RECORDS FOR THIS EXERCISE
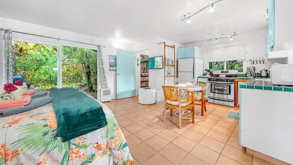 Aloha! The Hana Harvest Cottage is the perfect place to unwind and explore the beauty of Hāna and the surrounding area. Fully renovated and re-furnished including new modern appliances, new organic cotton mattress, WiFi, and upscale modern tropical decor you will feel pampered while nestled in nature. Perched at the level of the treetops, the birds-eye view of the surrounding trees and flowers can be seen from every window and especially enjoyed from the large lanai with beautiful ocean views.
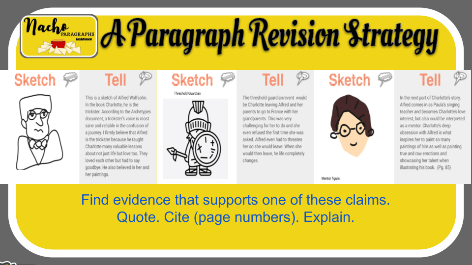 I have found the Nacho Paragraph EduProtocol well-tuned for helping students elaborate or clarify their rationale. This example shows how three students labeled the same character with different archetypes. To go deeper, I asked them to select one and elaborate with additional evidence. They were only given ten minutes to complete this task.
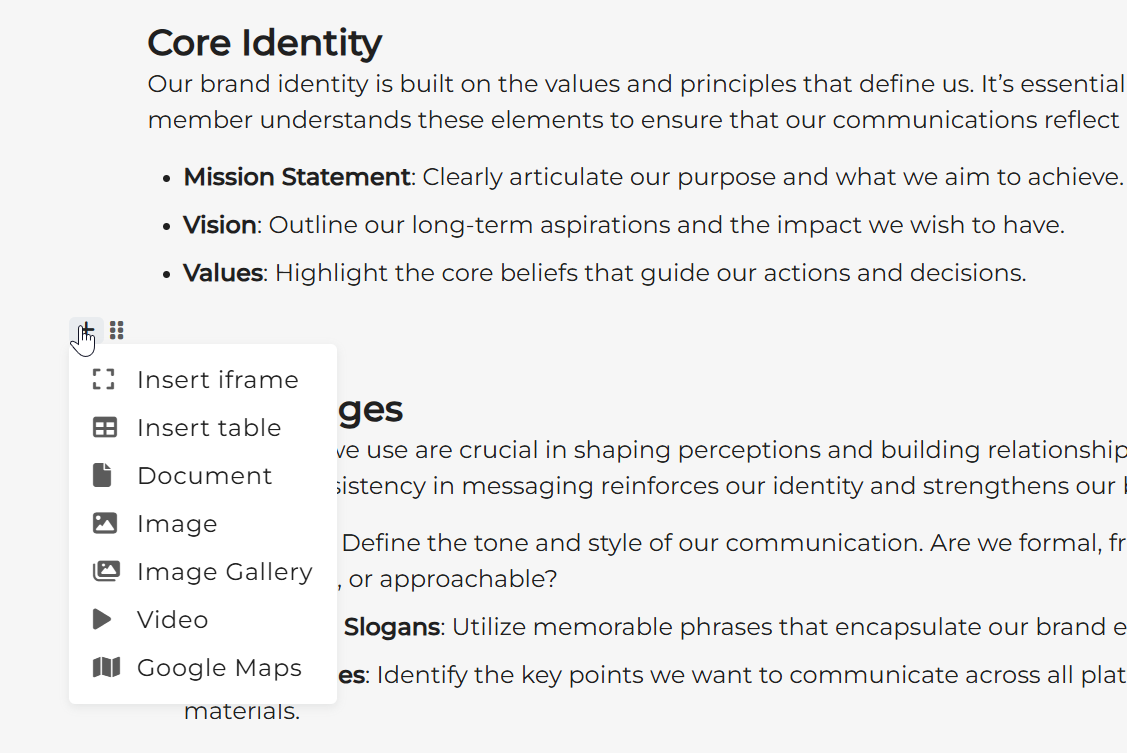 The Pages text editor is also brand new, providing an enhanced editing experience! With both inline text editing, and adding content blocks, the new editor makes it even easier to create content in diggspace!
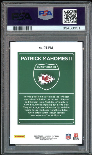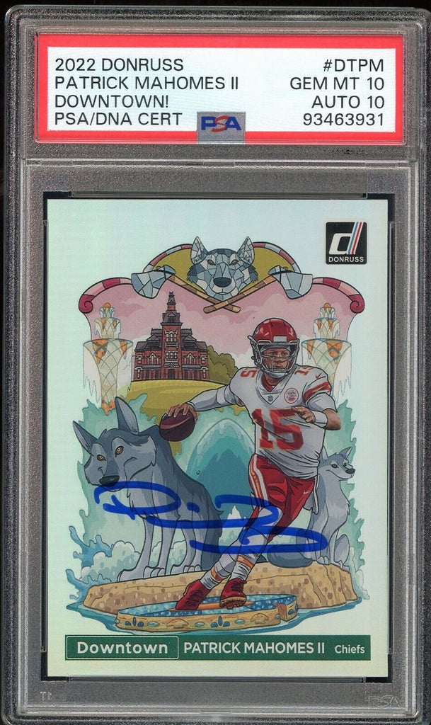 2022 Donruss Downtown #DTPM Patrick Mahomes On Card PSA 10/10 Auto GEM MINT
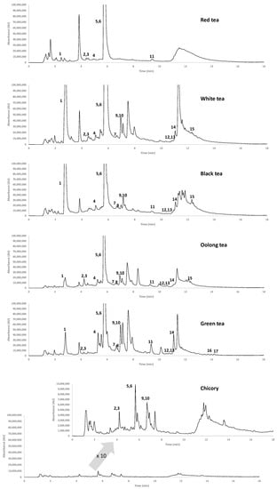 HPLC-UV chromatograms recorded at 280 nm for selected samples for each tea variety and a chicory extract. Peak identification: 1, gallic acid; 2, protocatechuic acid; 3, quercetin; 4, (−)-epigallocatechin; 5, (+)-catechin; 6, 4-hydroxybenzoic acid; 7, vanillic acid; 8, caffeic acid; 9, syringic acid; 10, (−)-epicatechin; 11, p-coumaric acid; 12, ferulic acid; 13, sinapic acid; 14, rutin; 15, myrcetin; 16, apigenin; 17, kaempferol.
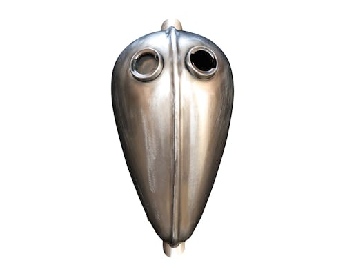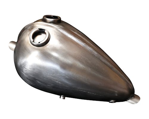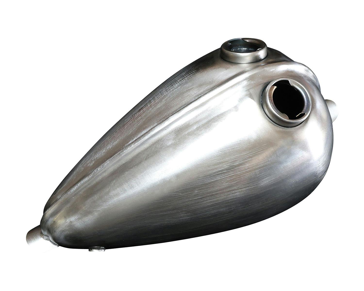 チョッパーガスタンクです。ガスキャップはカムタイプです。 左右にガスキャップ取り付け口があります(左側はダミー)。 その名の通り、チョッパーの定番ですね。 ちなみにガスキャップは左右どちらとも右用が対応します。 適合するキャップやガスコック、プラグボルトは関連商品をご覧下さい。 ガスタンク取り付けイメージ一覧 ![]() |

HOW TO COMPLETE THIS TASK
Please output the full listing above exactly, minus any pictures.

EXERCISE ANSWER
 Aloha! The Hana Harvest Cottage is the perfect place to unwind and explore the beauty of Hāna and the surrounding area. Fully renovated and re-furnished including new modern appliances, new organic cotton mattress, WiFi, and upscale modern tropical decor you will feel pampered while nestled in nature. Perched at the level of the treetops, the birds-eye view of the surrounding trees and flowers can be seen from every window and especially enjoyed from the large lanai with beautiful ocean views.
 I have found the Nacho Paragraph EduProtocol well-tuned for helping students elaborate or clarify their rationale. This example shows how three students labeled the same character with different archetypes. To go deeper, I asked them to select one and elaborate with additional evidence. They were only given ten minutes to complete this task.
 The Pages text editor is also brand new, providing an enhanced editing experience! With both inline text editing, and adding content blocks, the new editor makes it even easier to create content in diggspace!
 2022 Donruss Downtown #DTPM Patrick Mahomes On Card PSA 10/10 Auto GEM MINT
 HPLC-UV chromatograms recorded at 280 nm for selected samples for each tea variety and a chicory extract. Peak identification: 1, gallic acid; 2, protocatechuic acid; 3, quercetin; 4, (−)-epigallocatechin; 5, (+)-catechin; 6, 4-hydroxybenzoic acid; 7, vanillic acid; 8, caffeic acid; 9, syringic acid; 10, (−)-epicatechin; 11, p-coumaric acid; 12, ferulic acid; 13, sinapic acid; 14, rutin; 15, myrcetin; 16, apigenin; 17, kaempferol.
 チョッパーガスタンクです。ガスキャップはカムタイプです。 左右にガスキャップ取り付け口があります(左側はダミー)。 その名の通り、チョッパーの定番ですね。 ちなみにガスキャップは左右どちらとも右用が対応します。 適合するキャップやガスコック、プラグボルトは関連商品をご覧下さい。 ガスタンク取り付けイメージ一覧 ![]() |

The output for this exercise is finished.